DATA EXCERPTS ::
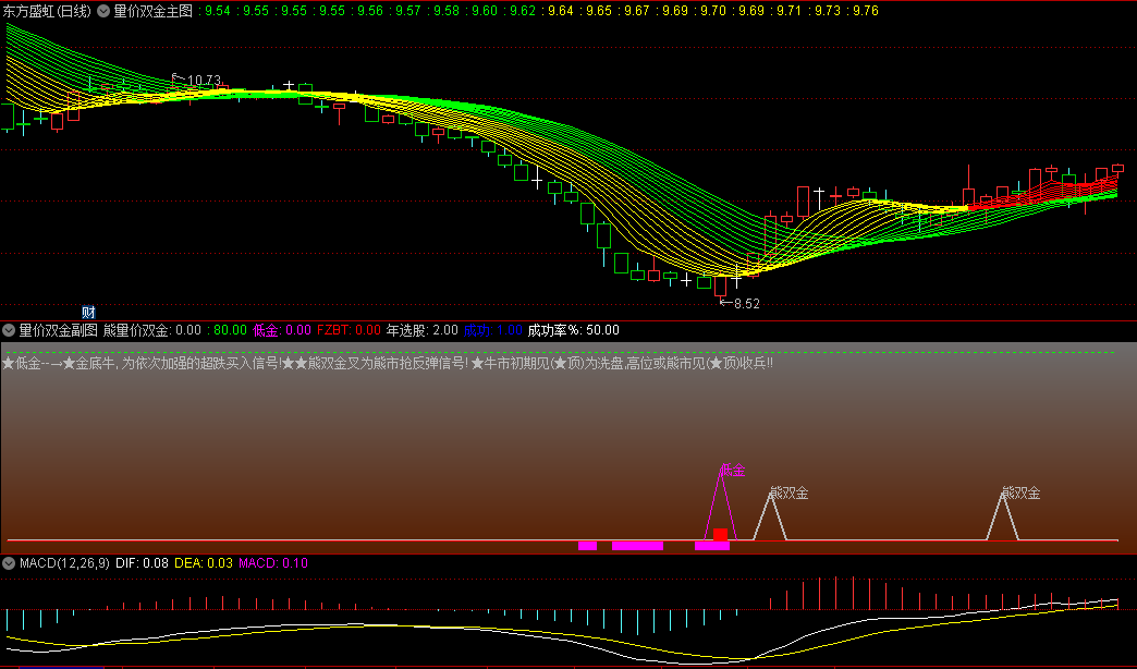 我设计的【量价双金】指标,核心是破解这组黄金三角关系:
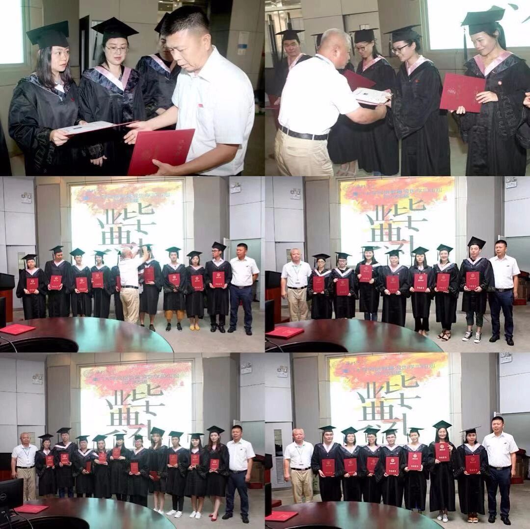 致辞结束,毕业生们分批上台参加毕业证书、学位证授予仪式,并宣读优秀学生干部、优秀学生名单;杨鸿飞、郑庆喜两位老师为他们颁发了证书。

* * *

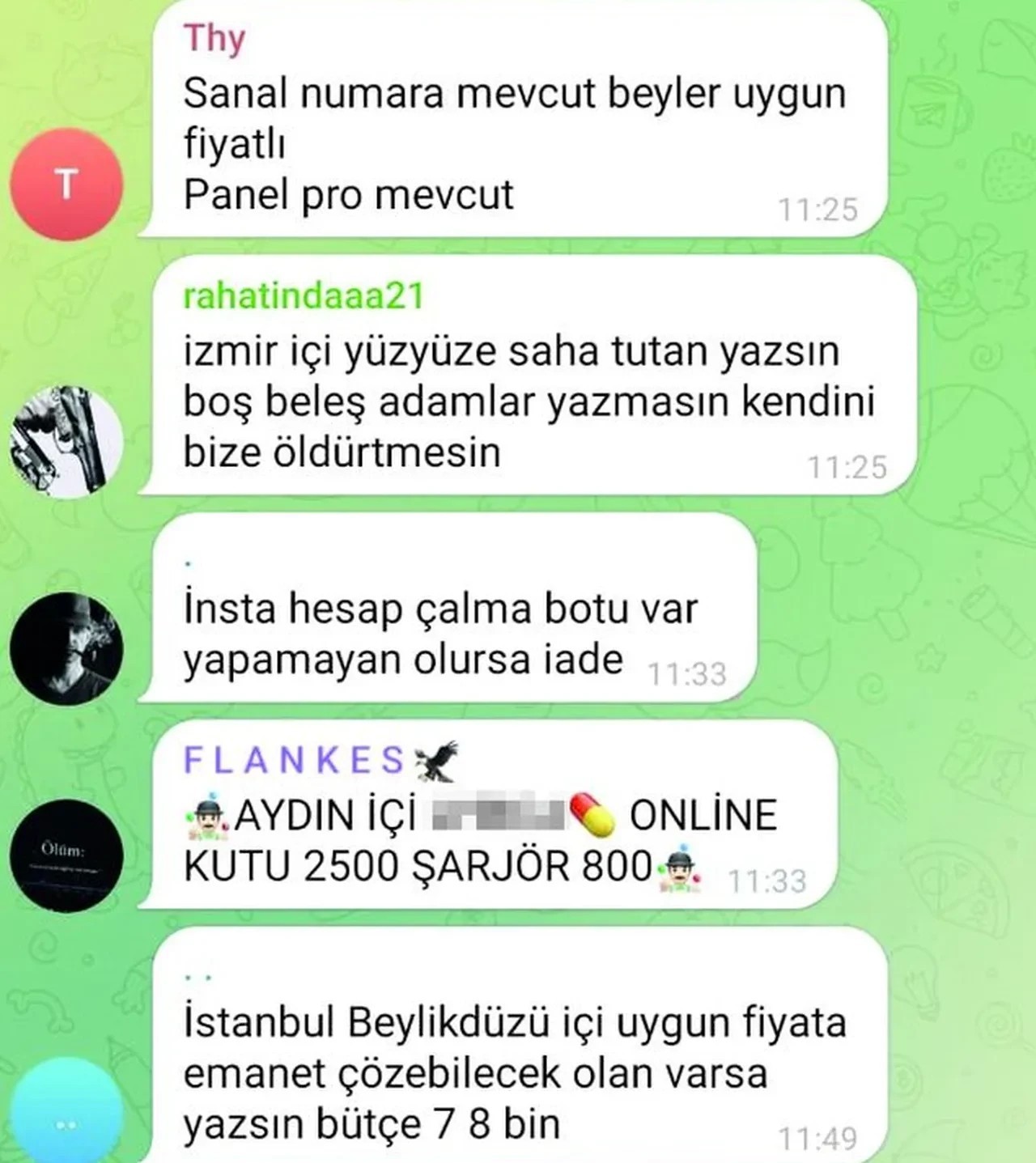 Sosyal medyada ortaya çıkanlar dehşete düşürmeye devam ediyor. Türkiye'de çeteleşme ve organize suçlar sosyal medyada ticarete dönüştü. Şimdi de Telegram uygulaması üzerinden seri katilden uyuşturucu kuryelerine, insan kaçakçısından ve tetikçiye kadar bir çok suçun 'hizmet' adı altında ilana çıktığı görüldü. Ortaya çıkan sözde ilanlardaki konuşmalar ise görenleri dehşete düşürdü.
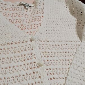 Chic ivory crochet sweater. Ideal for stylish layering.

TASK DETAILS :: Only one stretch of the data is wanted: write out exactly the lines from the one holding "Sosyal medyada ortaya" through the one holding "Chic ivory crochet", both included, without the pictures.

SOLUTION FOR THIS EXERCISE ::
 Sosyal medyada ortaya çıkanlar dehşete düşürmeye devam ediyor. Türkiye'de çeteleşme ve organize suçlar sosyal medyada ticarete dönüştü. Şimdi de Telegram uygulaması üzerinden seri katilden uyuşturucu kuryelerine, insan kaçakçısından ve tetikçiye kadar bir çok suçun 'hizmet' adı altında ilana çıktığı görüldü. Ortaya çıkan sözde ilanlardaki konuşmalar ise görenleri dehşete düşürdü.
 Chic ivory crochet sweater. Ideal for stylish layering.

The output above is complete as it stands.